- Directed by: Philipp Stölzl
- Written by: Wolfgang Kohlhaase; David Hamblyn;
- Cinematography: Michael Mieke
- Edited by: Sven Budelmann
- Music by: Ingo L. Frenzel
- Release dates: 2 July 2002 (Filmfest München); 26 February 2004;
- Running time: 104 minutes
- Country: Germany
- Language: German

= Baby (2002 film) =

2002 film

Baby is a 2002 German drama film directed by Philipp Stölzl, starring Alice Dwyer, Lars Rudolph and Filip Peeters. It tells the tragic story of a father, his daughter and the father's best friend, after the wives of the two men have died in a car crash. The film was Stölzl's feature-film debut.

==Cast==
- Alice Dwyer as Lilli
- Lars Rudolph as Paul
- Filip Peeters as Frank
- Christian Grashof as Stiefel
- Hamid Bundu as Tommy
- Irina Platon as Lana
- Mischa Hulshof as Johann
- Fedja van Huêt as Polizist
- Marc Prätsch as Wachmann
- Illa Schöppe as Ramona

==Release==
The film premiered on 2 July 2002 at Filmfest München.
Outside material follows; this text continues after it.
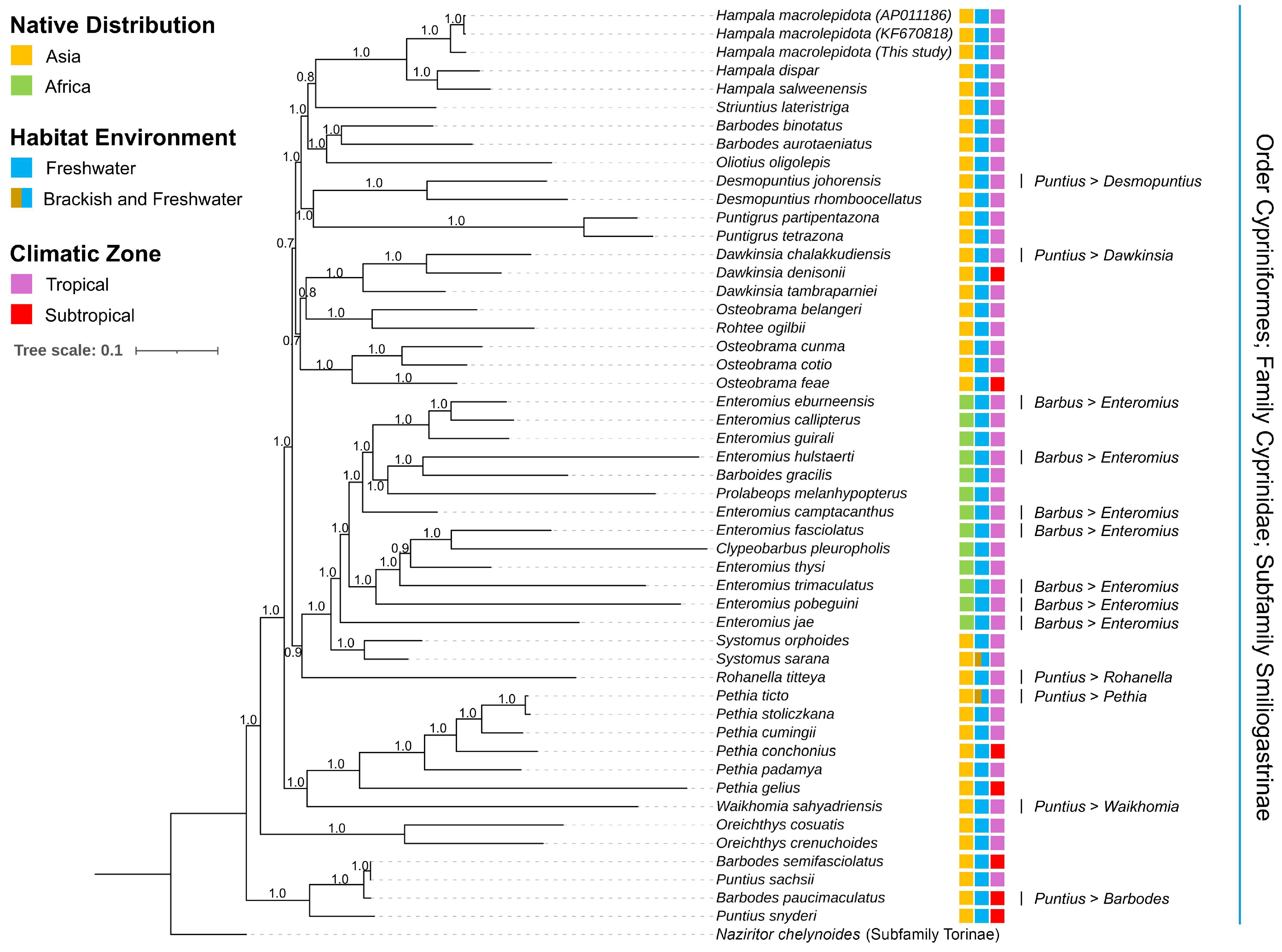 - Ren, Q.; Yang, L.; Chang, C.H.; Mayden, R.L. Molecular phylogeny and divergence of major clades in the Puntius complex (Teleostei: Cypriniformes). Zool. Scr. 2020, 49, 697–709. [Google Scholar]
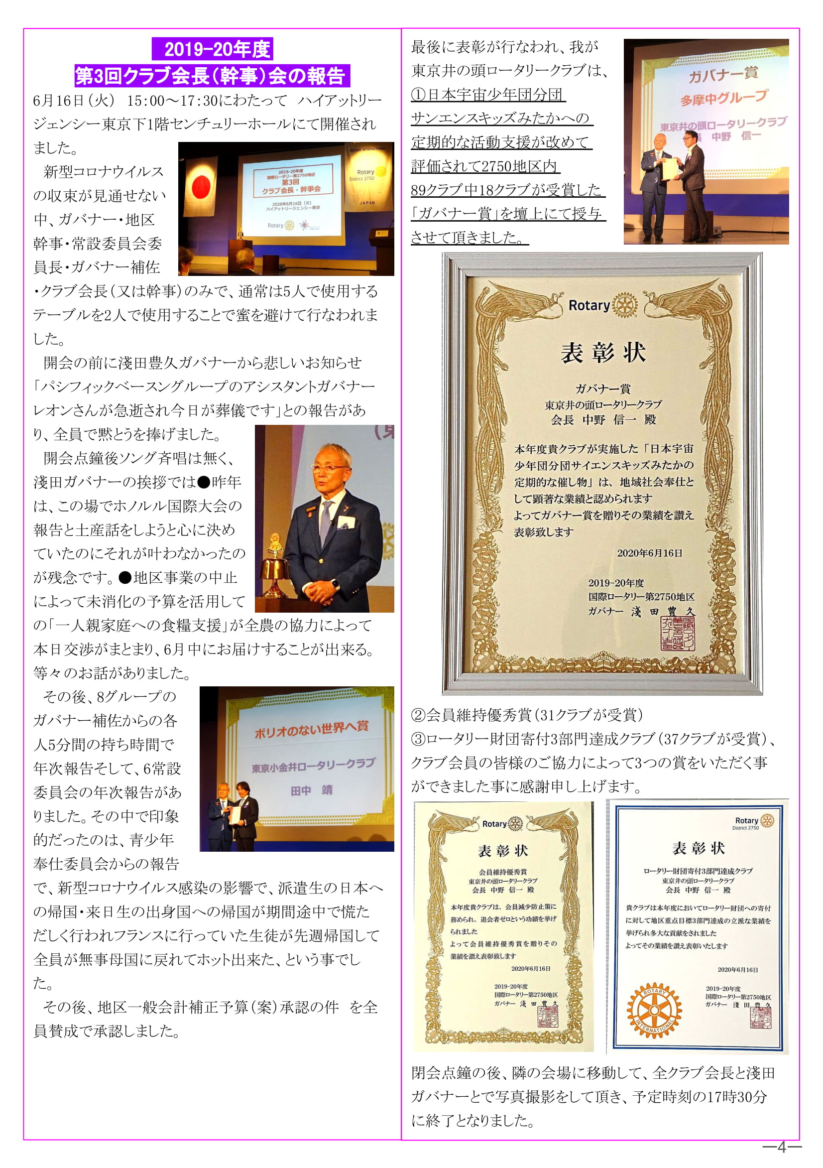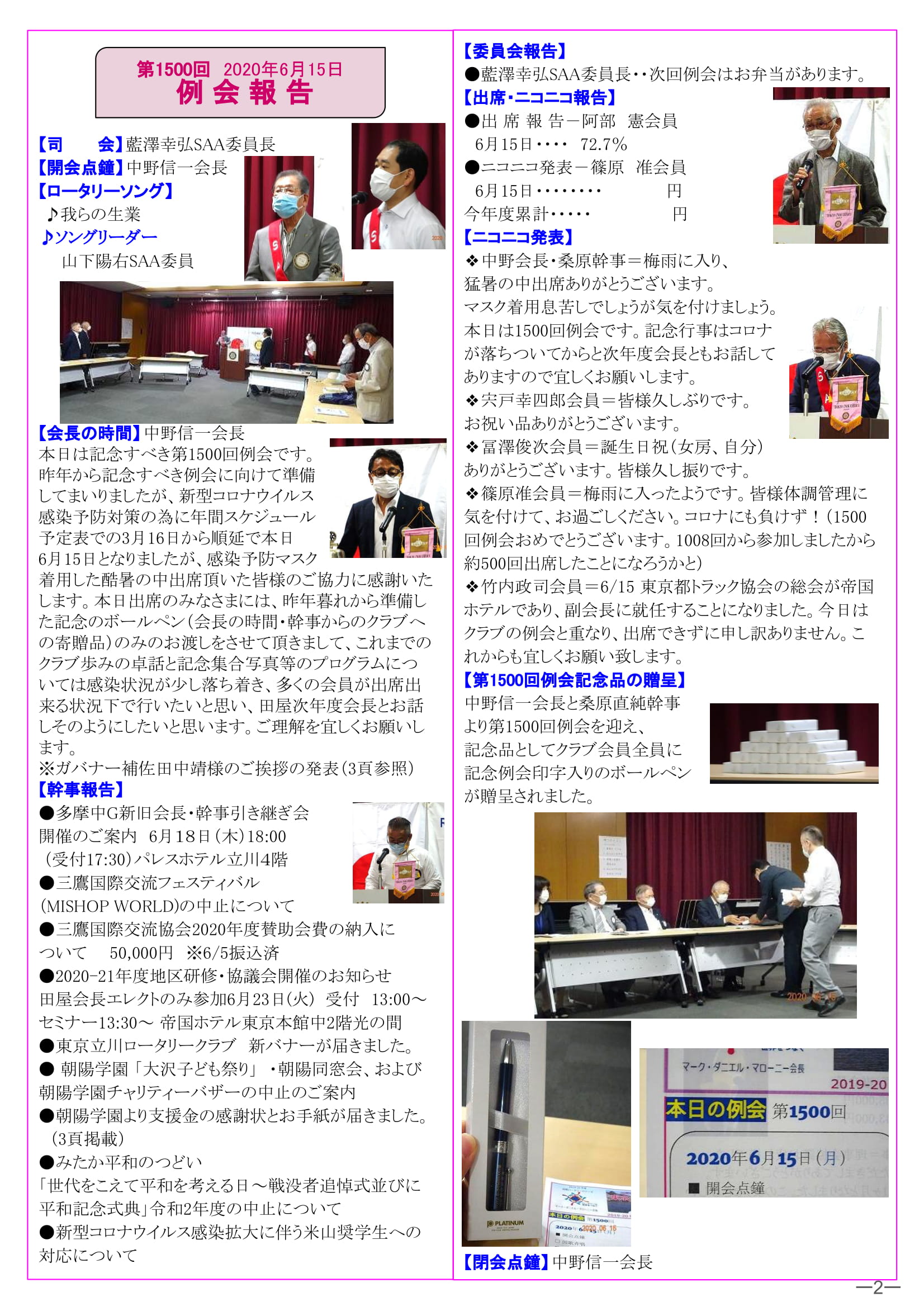 2020年6月22日発行(第1500回例会記念品の贈呈&2019-20年度多摩中グループガバナー補佐 田中 靖様 退任のご挨拶&朝陽学園からクラブ支援に対する 感謝のお手紙&2019-20年度第3回クラブ会長(幹事)会の報告&ガバナー賞・会員維持優秀賞・ロータリー財団寄付3部門達成クラブ賞受賞)

It was released theatrically in Germany on 26 February 2004.

==Reception==
David Rooney of Variety wrote:
A suspenseful melodrama about an unorthodox family unit, Baby represents a slick but distancing feature debut for German commercials and musicvideo director Philipp Stolzl, who made clips for Rammstein, Faith No More, Garbage and Madonna, among others. Blighted by a script that fails to create even one engaging character with any evident emotional transition, the film aims for a droll, dark register but comes off as merely smug and cold.